[Input for this task Boundary: Start]

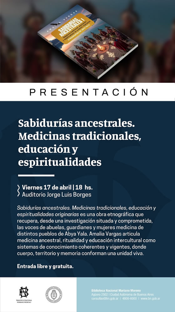 Extendemos la INVITACIÓN ABIERTA a la presentación del Libro Sabidurías Ancestrales: Medicinas, Educación y Espiritualidad, de Amalia Vargas. Que se llevará a cabo el viernes 17 de abril de 18:00 a 20:00 hs en la Biblioteca Nacional
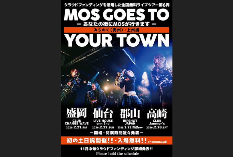 スケジュール更新致しました。 【MOS GOES TO YOUR TOWN 第6弾】は、みちのく・上州編を開催します! 詳細はこちら RSS 「スケジュール更新」FOMARE前の記事 「スケジュール更新」a flood of circle次の記事
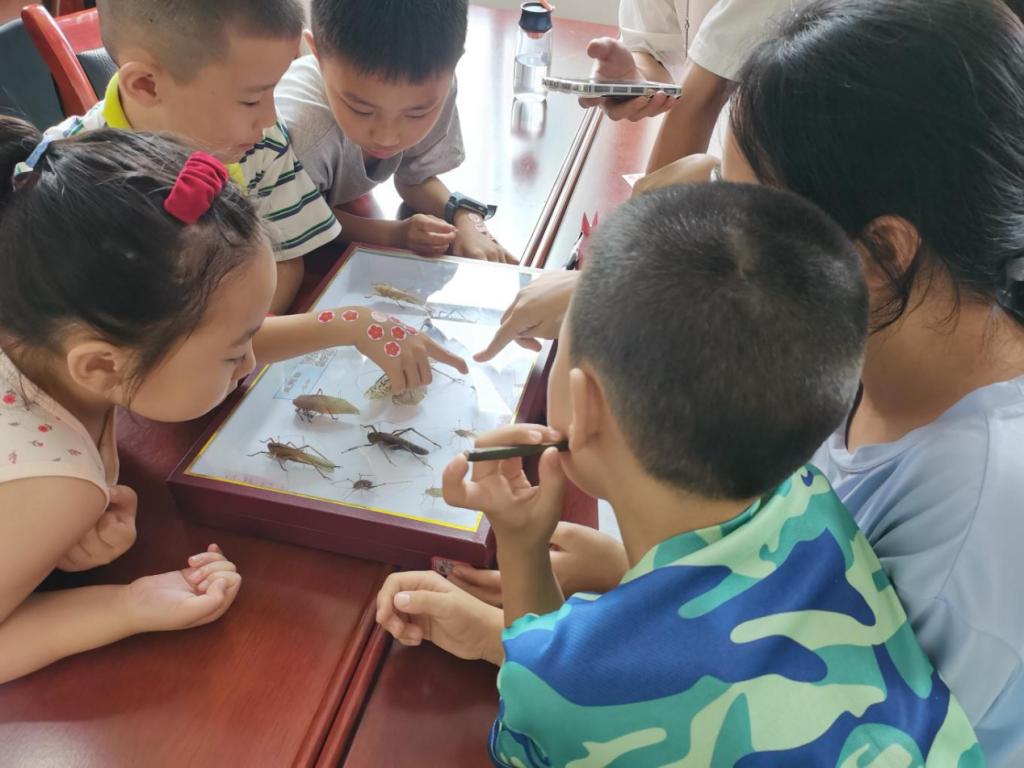 成员和小朋友一起观察昆虫标本
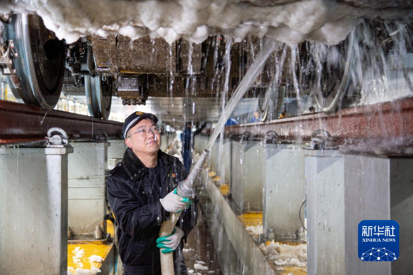在山东青岛北动车所,机械师刘伟民用温水清除列车下的积冰:“动车组运行在山区或气温较低的区段,未融化的积雪及雨水会附着在动车组走行部导致结冰。我和同事会根据需要增加排班,保障列车安全。”
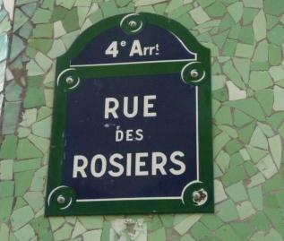 次の通りは Rue des Rosiers (ロジエ通り)ちょうど開店しようとしていたのが、ガイドブックにも載っている有名店、ファラフェルのお店。このマレは19世紀以降ユダヤ人が多く住んだ地区で、ファラフェルはヒヨコ豆をベースにしたコロッケで中東の食べ物。コロッケと野菜をピタパンに挟んだのがよくガイドブックに載っていて、食べたいね~と言っていたのにお腹がいっぱい・・・朝ごはんにラデュレのパンを食べたことをモーレツに後悔した。 (パンはおいしかったけど)こちらのお店もユダヤ系、看板にダビデの星が描かれている。中を覗いてみると、ショーケースにはソーセージやお肉類敬虔なユダヤ教徒は食べものの制約が多いらしく、他国に旅行に行くと困るということを聞いた。肉製品と乳製品を同じ調理場で料理してはいけないし一緒に食してもいけない豚肉、エビ、カニ、貝類は食べない血を食べること禁じているので、食べてよい肉も血抜きは完璧でなければいけないなど、他にもいろいろ規定があるようだ。神仏両方に手をあわせてしまうような日本人には到底理解できないが、これを守れるのはよほど深い信仰心がなければならないだろう。話はがらっと変わるが、このあたりを歩いていると、ラブラブに腕をがっしり組んだ男性同士のカップルをちらちら見かける。朝っぱらから・・・いや朝だからか マレはゲイの方々が多うございます。(ゲイだけではないそうですが)芸術家が多く住む地域だから何となく納得できるが、そちら方面のショップも多いらしい。店頭に果物が並べられたお店。生活感あふれる“何でも屋さん”チックなこの店の角を北側に曲がった。
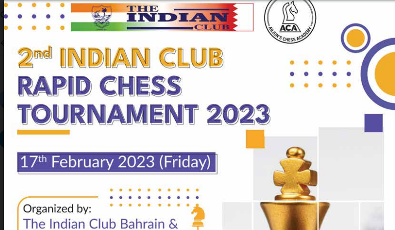 Manama: The second Indian Club Rapid Chess Tournament will be held on Friday, February 17, 2023.
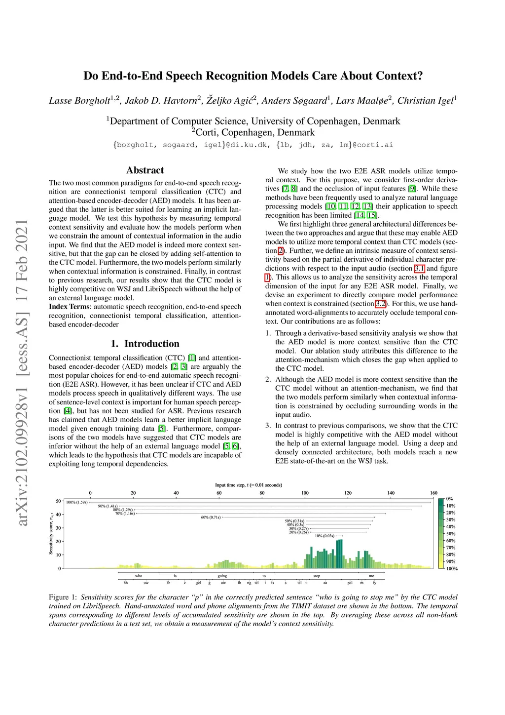 The two most common paradigms for end-to-end speech recognition are connectionist temporal classification (CTC) and attention-based encoder-decoder (AED) models. It has been argued that the latter is better suited for learning an implicit language model. We test this hypothesis by measuring temporal context sensitivity and evaluate how the models perform when we constrain the amount of contextual information in the audio input. We find that the AED model is indeed more context sensitive, but that the gap can be closed by adding self-attention to the CTC model. Furthermore, the two models perform similarly when contextual information is constrained. Finally, in contrast to previous research, our results show that the CTC model is highly competitive on WSJ and LibriSpeech without the help of an external language model.
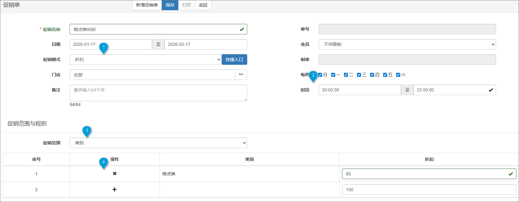 示例:蛋糕店每晚20:00-22:00糕点类享受折促销;
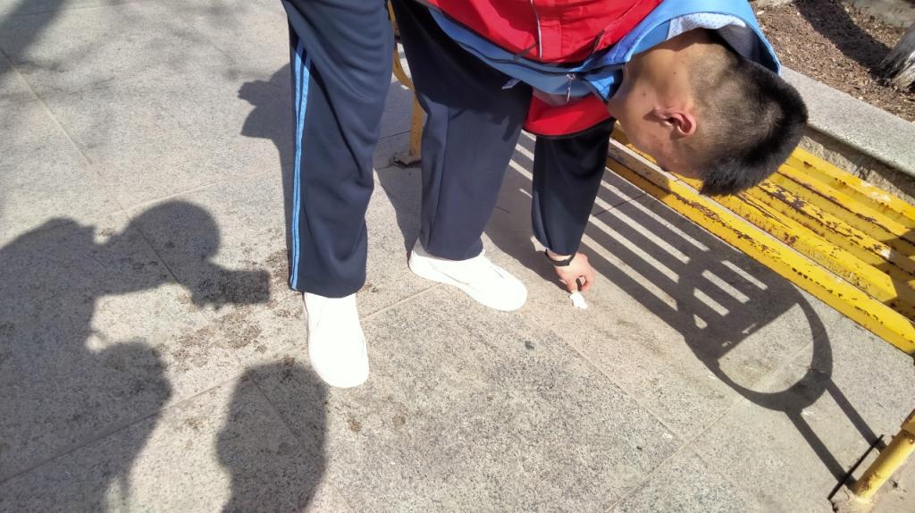 祭扫仪式后,同学们化敬意于行动,积极开展公园环境维护志愿活动。如图所示,一位同学身穿志愿服,专注地弯腰捡拾地面的垃圾,动作认真而投入。其他同学也纷纷行动,有的清理广场上的纸屑,有的拾捡草丛中的杂物。大家分工协作,不怕脏、不怕累,用实际行动践行志愿服务精神,让八一公园的环境更加整洁优美。
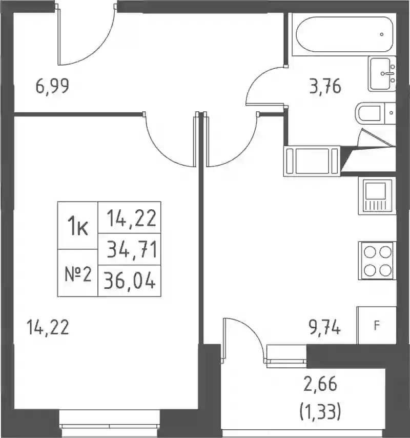 6 926 665 ₽2-к.квартира, 34.73 м², 15 эт.

[Input for this task Boundary: End]

**Work instructions**
Ending at the line with "成员和小朋友一起观察昆虫标本", reproduce exactly the lines that begin at the top of the data, and include no pictures.

**Your response**
 Extendemos la INVITACIÓN ABIERTA a la presentación del Libro Sabidurías Ancestrales: Medicinas, Educación y Espiritualidad, de Amalia Vargas. Que se llevará a cabo el viernes 17 de abril de 18:00 a 20:00 hs en la Biblioteca Nacional
 スケジュール更新致しました。 【MOS GOES TO YOUR TOWN 第6弾】は、みちのく・上州編を開催します! 詳細はこちら RSS 「スケジュール更新」FOMARE前の記事 「スケジュール更新」a flood of circle次の記事
 成员和小朋友一起观察昆虫标本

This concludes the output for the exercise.